“What does that even mean?” she asks.
She thinks about it for a second as we finish up our phone interview, conducted while she rides in a van headed to Portland.
“When someone says you’re a ‘Guitar This’ or a ‘Guitar Warrior Princess,’ ” the 31-year-old Georgia native says, “it means that someone had something nice to say and didn’t really know how to say it. I take it as a compliment and walk away from it.
“There have been lots of wonderful things said about me that I truly appreciate and don’t take for granted,” she adds. “However, it’s not easy to do this, to play guitar. Guitar involves more effort — even on a more philosophical level — than the instant accessibility of a drum stick on a cymbal or a finger on a piano key. (To play guitar you have) to commit a little bit more.”
“Committed” is probably the best word to describe King. She hit the scene in 2001 as an experimental guitarist and has since released a steady stream of records layered more often than not with circular, echo-filled riffs, lines that ebb and flow with counter-rhythmic harmonies and atmospheres. They’re Indie Rock-lite compositions piercing the clouds, touching the sun and riding the rays of sunlight back to King’s personal life, equal parts bright and gloomy.
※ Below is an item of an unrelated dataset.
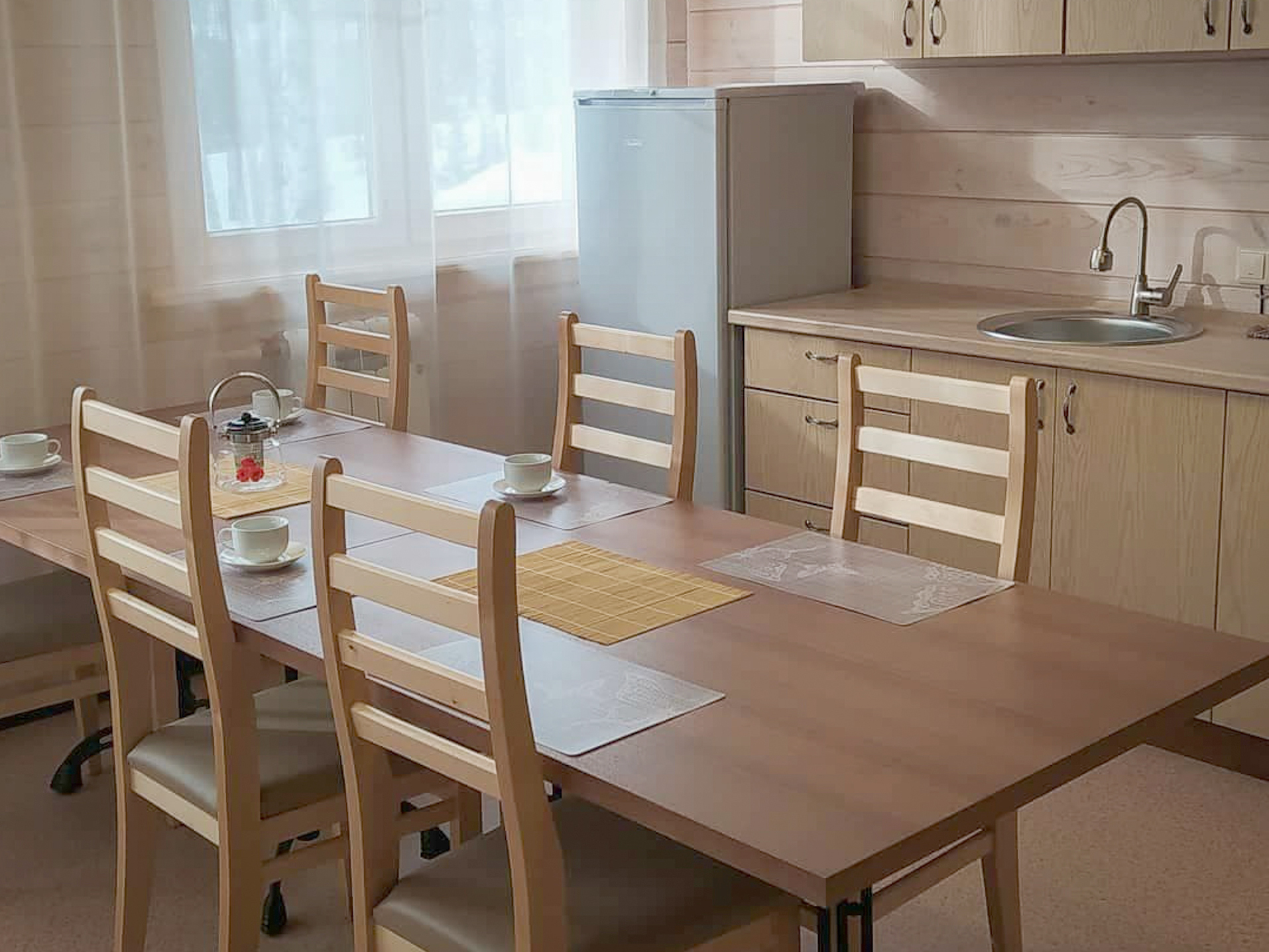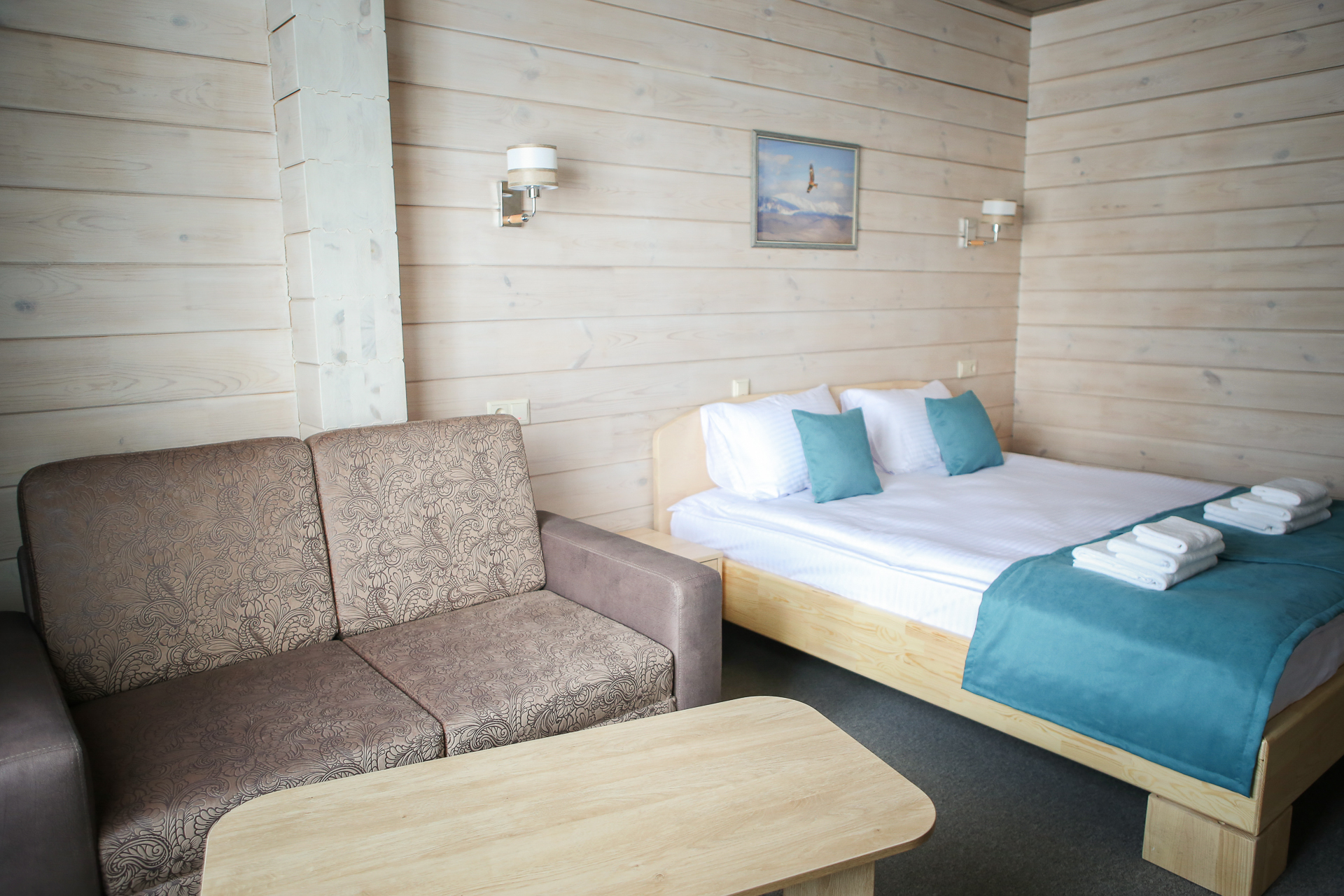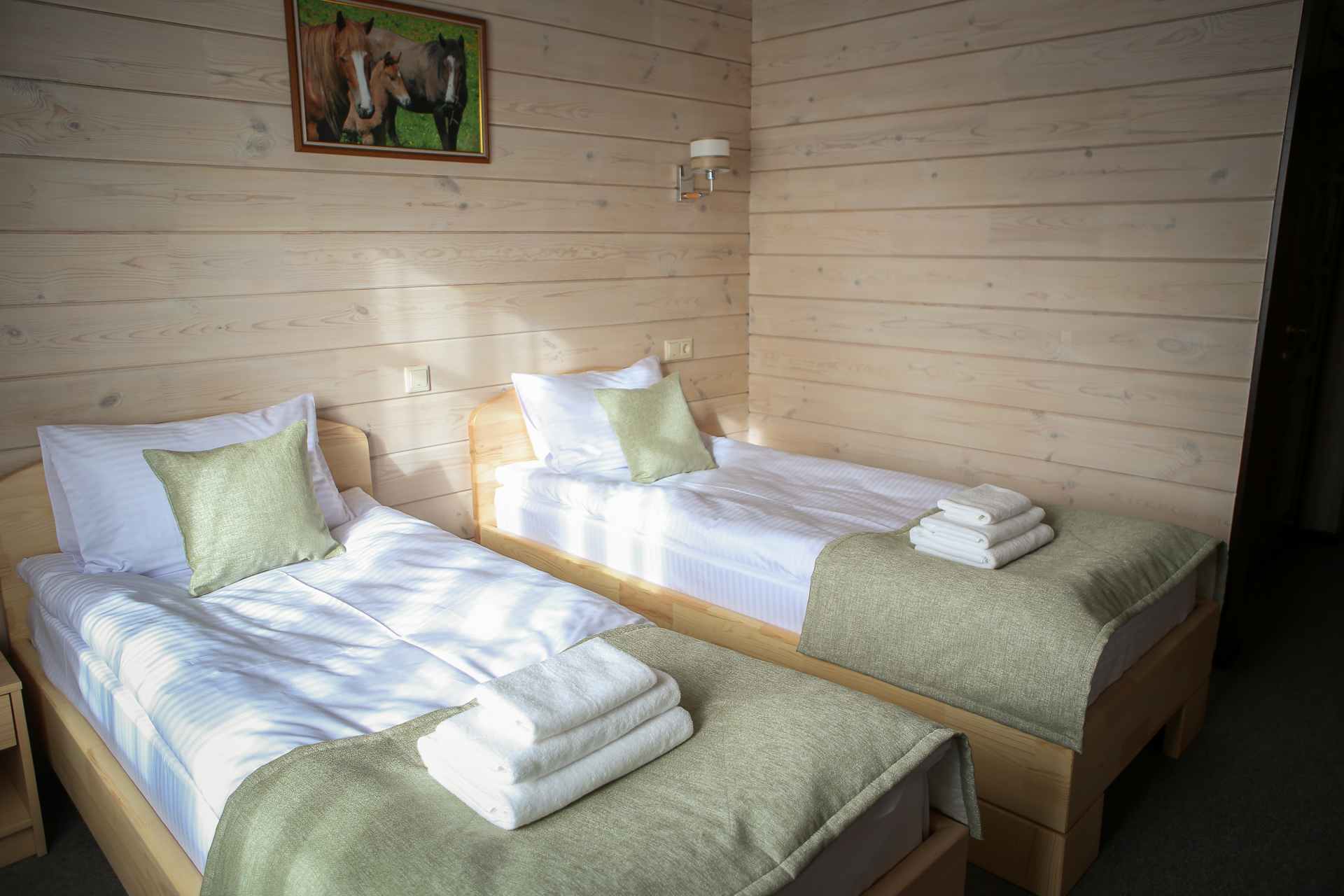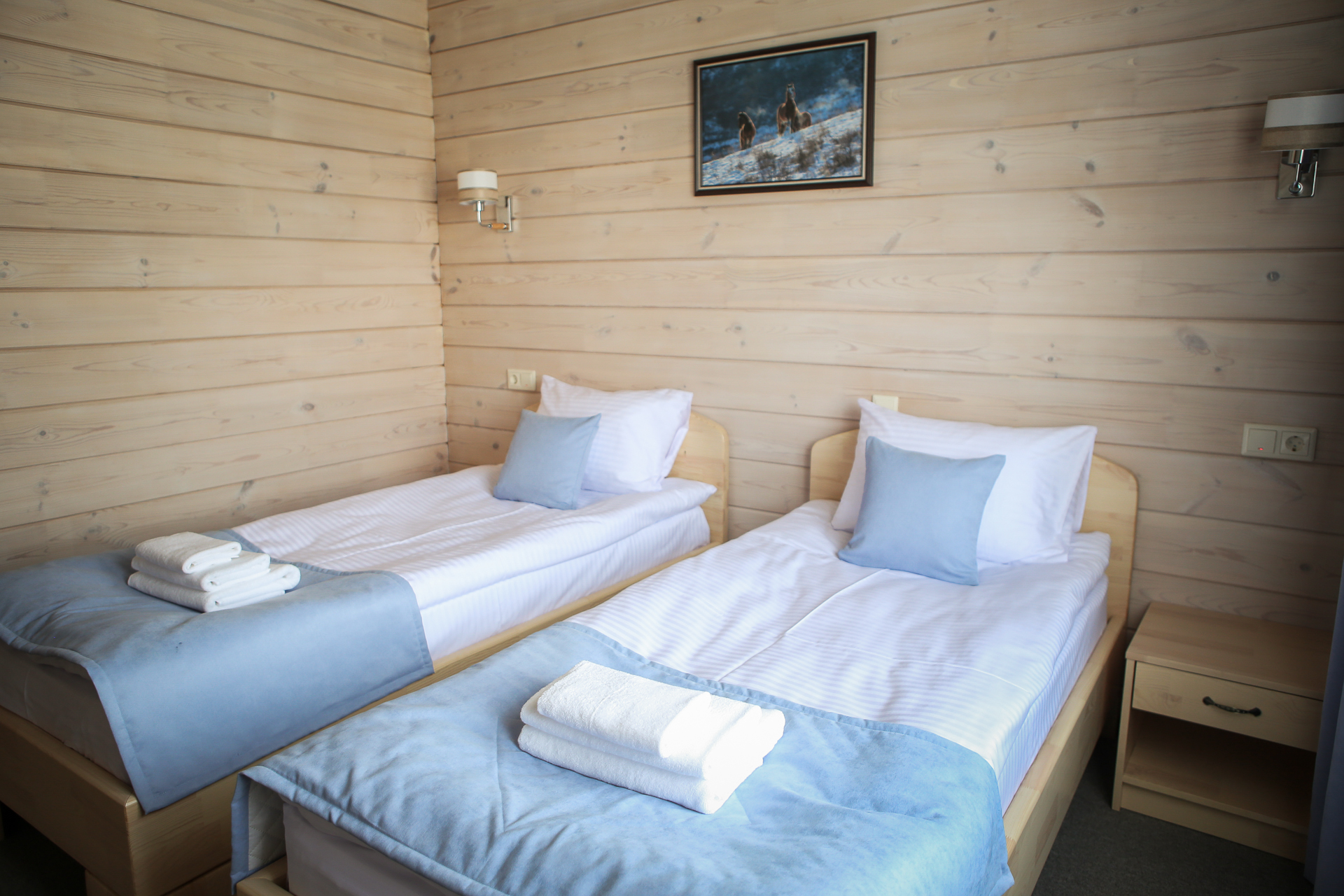 В обеих категориях номеров — современное ковровое покрытие, WI-Fi, мебель из натурального дерева, собственный санузел площадью 3,5 м.кв.

Just listen to Junior, her latest record. As we chat about it, she doesn’t hide the fact that album-closer “Sunnyside” chronicles a relationship gone out of tune. It’s one of a few tracks where King pairs her breathy vocals with her six/seven-string stylings, singing, “I wanted to be tangled up/In someone long and blonde/So honest, in my belief/That nothing would go wrong.”
“The narrator is me and everything that (happens in the song) is really true,” King says.
“Even the wiener dog is true.”
You can call King “cinematic,” too. She was a stand-in for lead character Evan Taylor in the 2007 film August Rush, about a boy with an innate skill for music. Those are her hands dancing (and sometime slam-dancing) across his guitar fretboard. It’s one of many accomplishments for King, who also worked with Pearl Jam’s Eddie Vedder on the Into the Wild soundtrack.
With all of her accomplishments, she has started combating another label — “the girl who taps on the guitar,” referring to her two-handed “tapping” technique.
“Right now I’m learning more about myself, about my body, about what I can do and what I can’t,” she says. “Guitar was popularized in the 20th century and there is so much language in the guitar that you can learn it for the rest of your life and you’ll never learn half the styles that are out there. It’s a beautiful thing.”
On this spring’s solo tour, she considers herself a student again.
“It’s a discipline, I suppose,” she says, pausing to muse the idea. “You limit yourself to this one instrument and then you open up as many things as you can with it, but there are many sounds you hear that you can’t create.”
On any given night of the tour, you’ll find King noodling around with her “sea of ghitarz,” which includes a harp guitar, seven-string fanned fret guitar and her prized “freak,” an Ovation six-string. Which is her favorite?
“Actually, I think the seven-string,” she says, laughing. “The frets aren’t up and down; they slant and they change.”
The guitar’s setup makes for some interesting onstage moments, she says.
“Think of it in ergonomic terms — at the bottom of the neck, your left hand is pointed away from you, then, as you move your hand up, your hand and wrist position become vertical,” she says. “And then when you (move) toward the body of the guitar, your hand is pointed to the body and the frets spread out in a fan pattern. It just looks crazy. I look down and I get vertigo, almost.”
King likes to experiment with funky guitars like the seven-string, even if she screws up live. She likes to be transparent in her stagecraft and never shies from experimenting onstage.
“It’s better for me and it’s better for the audience if I try and really push myself,” King says. “If I get up there and I really don’t know how to play harp guitar, well, I’m just going to figure it out. The only way to do that is to go on the road with it.
“It’s not really going backwards for me,” she adds. “You have to throw out all of what you know as a guitar player when you play these.”